**Supplied records**
◇ ◇ ◇ ◇ ◇
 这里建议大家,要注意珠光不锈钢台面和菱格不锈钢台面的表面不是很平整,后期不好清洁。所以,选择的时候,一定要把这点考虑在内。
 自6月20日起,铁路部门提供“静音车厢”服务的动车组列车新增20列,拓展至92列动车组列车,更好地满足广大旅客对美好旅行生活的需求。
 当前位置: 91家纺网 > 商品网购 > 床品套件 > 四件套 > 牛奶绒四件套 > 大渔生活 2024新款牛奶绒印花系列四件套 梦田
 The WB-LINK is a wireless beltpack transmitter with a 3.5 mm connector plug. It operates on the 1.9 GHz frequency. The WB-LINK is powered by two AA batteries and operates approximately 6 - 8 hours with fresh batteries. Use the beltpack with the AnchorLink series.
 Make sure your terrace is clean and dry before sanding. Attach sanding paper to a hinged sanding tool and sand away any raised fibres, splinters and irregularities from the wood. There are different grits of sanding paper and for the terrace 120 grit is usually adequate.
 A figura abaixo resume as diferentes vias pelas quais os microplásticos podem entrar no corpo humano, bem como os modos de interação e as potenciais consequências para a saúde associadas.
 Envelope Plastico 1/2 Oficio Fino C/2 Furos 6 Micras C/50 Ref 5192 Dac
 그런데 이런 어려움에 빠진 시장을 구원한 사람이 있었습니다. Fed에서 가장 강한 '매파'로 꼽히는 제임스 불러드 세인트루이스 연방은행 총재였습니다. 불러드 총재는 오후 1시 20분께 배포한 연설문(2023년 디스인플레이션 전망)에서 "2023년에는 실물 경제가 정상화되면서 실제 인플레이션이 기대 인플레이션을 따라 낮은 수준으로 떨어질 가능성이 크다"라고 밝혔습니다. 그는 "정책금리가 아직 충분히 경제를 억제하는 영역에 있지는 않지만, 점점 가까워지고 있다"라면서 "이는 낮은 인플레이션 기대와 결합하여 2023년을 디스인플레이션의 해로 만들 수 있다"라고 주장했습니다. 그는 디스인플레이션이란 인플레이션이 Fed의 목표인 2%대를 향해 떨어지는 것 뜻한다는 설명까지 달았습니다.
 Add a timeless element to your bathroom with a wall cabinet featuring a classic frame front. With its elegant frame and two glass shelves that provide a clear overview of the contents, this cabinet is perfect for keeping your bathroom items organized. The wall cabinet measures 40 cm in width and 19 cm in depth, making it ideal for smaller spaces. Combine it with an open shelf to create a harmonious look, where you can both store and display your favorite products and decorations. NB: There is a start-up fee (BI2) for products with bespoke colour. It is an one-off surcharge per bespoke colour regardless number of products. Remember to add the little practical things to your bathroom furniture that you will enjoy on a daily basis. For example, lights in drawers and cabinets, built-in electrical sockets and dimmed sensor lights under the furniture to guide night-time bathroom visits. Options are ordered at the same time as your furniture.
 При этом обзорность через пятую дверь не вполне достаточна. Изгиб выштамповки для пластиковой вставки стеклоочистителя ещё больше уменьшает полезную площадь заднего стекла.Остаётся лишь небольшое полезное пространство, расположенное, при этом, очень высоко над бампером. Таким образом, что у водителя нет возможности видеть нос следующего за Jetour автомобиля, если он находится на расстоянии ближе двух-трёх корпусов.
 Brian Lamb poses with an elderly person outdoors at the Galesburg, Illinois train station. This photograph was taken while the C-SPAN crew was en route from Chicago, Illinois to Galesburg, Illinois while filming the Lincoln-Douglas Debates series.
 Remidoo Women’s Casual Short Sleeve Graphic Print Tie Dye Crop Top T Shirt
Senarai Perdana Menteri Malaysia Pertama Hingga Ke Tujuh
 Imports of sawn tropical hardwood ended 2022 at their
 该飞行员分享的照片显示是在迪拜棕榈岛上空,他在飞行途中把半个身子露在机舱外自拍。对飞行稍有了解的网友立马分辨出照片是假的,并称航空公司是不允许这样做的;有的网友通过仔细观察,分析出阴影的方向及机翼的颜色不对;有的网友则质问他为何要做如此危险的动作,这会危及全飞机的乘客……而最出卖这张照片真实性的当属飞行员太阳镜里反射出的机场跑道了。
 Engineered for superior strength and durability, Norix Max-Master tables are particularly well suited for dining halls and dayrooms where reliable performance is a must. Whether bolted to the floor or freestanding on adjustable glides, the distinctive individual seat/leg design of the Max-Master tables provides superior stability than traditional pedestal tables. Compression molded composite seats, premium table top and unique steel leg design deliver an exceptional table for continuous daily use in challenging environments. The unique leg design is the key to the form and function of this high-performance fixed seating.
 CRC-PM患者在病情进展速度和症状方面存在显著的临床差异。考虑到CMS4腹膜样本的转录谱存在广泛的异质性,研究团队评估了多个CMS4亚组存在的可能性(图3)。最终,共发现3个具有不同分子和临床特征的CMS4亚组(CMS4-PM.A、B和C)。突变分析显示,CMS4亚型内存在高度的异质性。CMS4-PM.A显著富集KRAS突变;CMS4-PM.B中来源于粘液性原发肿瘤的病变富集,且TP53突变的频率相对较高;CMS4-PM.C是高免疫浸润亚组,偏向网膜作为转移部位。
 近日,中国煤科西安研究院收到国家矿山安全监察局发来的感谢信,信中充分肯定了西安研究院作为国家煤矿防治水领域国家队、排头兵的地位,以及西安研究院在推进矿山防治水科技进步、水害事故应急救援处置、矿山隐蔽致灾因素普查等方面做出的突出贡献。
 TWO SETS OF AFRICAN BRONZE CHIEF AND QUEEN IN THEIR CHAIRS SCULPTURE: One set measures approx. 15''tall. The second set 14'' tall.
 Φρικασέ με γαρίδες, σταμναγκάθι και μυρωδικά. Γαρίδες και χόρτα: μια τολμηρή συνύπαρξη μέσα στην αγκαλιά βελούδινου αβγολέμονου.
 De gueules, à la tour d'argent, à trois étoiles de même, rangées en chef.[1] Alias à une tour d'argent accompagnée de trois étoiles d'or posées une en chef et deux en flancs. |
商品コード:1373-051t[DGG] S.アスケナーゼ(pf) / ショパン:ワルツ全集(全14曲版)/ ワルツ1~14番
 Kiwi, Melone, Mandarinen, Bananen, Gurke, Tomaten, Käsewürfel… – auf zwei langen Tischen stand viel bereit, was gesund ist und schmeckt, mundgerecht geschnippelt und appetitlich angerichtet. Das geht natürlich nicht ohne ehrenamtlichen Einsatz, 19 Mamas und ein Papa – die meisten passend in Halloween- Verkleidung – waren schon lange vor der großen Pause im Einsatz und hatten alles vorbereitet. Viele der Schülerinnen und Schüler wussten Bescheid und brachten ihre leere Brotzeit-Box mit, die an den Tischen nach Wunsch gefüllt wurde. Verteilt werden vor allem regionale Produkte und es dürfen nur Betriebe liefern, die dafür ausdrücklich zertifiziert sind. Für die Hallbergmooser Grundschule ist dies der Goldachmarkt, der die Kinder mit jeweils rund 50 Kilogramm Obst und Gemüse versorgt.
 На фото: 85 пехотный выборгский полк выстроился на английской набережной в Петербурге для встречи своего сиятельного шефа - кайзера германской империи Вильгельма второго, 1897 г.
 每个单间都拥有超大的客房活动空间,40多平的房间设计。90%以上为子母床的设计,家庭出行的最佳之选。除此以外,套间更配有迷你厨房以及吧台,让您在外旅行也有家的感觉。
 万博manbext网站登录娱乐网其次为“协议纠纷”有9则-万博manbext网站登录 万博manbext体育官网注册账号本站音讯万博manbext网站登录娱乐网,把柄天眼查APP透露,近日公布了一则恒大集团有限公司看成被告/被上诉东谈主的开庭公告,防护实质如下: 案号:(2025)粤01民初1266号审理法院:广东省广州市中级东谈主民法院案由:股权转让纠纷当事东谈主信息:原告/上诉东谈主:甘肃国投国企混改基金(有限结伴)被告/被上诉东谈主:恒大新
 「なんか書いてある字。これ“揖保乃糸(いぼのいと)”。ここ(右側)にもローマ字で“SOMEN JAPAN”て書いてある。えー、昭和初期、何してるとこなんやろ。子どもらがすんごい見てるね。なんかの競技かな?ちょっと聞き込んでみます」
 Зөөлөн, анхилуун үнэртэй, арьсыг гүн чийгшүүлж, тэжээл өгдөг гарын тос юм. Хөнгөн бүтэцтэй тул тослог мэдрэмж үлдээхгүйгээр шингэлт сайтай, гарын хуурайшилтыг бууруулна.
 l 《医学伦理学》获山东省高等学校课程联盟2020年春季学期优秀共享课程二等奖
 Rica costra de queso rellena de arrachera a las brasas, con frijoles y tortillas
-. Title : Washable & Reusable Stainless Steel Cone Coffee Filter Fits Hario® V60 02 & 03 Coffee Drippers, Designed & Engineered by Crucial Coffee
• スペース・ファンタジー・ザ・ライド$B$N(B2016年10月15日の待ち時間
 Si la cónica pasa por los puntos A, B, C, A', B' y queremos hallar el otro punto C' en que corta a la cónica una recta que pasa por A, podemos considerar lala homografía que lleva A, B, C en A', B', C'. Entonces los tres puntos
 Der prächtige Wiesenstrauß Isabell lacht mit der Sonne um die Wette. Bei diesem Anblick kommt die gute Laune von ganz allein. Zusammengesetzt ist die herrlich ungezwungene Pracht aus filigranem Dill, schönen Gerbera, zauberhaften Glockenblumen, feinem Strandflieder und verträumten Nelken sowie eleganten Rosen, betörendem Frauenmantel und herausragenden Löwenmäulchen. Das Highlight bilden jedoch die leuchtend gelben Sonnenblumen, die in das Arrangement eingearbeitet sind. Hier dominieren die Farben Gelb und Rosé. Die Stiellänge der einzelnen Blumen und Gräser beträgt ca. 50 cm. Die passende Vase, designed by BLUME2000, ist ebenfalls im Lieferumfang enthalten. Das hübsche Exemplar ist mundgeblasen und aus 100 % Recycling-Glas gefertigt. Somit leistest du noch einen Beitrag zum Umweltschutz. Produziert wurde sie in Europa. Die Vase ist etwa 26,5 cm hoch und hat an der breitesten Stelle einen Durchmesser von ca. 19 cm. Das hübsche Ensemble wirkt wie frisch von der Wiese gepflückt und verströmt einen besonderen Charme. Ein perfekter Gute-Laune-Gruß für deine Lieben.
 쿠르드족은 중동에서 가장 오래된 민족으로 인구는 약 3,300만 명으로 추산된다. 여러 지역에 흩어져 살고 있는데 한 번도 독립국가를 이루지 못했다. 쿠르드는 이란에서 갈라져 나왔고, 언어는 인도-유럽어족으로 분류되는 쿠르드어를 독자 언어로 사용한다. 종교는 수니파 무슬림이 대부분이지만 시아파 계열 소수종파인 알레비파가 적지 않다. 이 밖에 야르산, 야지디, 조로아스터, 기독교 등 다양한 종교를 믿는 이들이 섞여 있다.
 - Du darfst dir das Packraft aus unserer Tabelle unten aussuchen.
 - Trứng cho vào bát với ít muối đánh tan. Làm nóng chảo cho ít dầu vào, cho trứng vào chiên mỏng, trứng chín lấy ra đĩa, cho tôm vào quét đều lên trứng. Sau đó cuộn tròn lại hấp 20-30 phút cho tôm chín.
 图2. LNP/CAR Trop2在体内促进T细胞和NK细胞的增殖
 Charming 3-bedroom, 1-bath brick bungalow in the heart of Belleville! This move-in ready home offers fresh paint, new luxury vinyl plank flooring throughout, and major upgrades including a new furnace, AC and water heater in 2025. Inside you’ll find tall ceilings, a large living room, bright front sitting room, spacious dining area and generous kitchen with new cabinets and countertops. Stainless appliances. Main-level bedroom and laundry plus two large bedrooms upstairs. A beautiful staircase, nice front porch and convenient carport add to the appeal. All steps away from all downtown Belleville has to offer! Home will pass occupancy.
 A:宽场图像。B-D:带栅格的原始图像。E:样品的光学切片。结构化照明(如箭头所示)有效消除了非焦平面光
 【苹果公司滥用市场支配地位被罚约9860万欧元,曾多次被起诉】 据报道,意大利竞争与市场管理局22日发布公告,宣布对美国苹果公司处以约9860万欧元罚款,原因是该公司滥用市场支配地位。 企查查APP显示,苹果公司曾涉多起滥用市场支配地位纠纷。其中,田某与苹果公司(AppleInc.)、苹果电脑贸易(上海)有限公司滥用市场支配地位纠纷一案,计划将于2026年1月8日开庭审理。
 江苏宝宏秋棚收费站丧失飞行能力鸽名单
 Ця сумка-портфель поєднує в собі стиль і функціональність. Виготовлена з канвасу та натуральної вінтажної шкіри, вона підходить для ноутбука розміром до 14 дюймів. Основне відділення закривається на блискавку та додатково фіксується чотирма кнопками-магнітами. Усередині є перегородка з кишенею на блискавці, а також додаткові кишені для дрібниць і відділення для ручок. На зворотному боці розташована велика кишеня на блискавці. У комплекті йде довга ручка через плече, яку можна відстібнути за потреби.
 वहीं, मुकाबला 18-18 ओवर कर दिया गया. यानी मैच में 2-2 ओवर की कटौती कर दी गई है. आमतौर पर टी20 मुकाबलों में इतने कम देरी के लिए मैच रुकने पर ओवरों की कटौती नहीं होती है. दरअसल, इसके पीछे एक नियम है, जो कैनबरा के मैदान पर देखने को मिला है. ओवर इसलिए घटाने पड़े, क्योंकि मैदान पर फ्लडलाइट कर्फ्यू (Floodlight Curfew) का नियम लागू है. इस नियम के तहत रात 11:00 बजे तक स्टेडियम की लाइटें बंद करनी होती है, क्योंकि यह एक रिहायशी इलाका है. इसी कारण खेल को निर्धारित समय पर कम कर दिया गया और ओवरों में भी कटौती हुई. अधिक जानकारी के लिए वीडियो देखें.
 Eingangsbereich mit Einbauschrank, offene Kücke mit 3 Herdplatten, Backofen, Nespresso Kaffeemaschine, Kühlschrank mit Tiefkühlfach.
◇ ◇ ◇ ◇ ◇
Please transcribe only the lines in the records above running from the line that has "自6月20日起,铁路部门提供" through the line that has "Envelope Plastico 1/2", both included, exactly as they appear.

 自6月20日起,铁路部门提供“静音车厢”服务的动车组列车新增20列,拓展至92列动车组列车,更好地满足广大旅客对美好旅行生活的需求。
 当前位置: 91家纺网 > 商品网购 > 床品套件 > 四件套 > 牛奶绒四件套 > 大渔生活 2024新款牛奶绒印花系列四件套 梦田
 The WB-LINK is a wireless beltpack transmitter with a 3.5 mm connector plug. It operates on the 1.9 GHz frequency. The WB-LINK is powered by two AA batteries and operates approximately 6 - 8 hours with fresh batteries. Use the beltpack with the AnchorLink series.
 Make sure your terrace is clean and dry before sanding. Attach sanding paper to a hinged sanding tool and sand away any raised fibres, splinters and irregularities from the wood. There are different grits of sanding paper and for the terrace 120 grit is usually adequate.
 A figura abaixo resume as diferentes vias pelas quais os microplásticos podem entrar no corpo humano, bem como os modos de interação e as potenciais consequências para a saúde associadas.
 Envelope Plastico 1/2 Oficio Fino C/2 Furos 6 Micras C/50 Ref 5192 Dac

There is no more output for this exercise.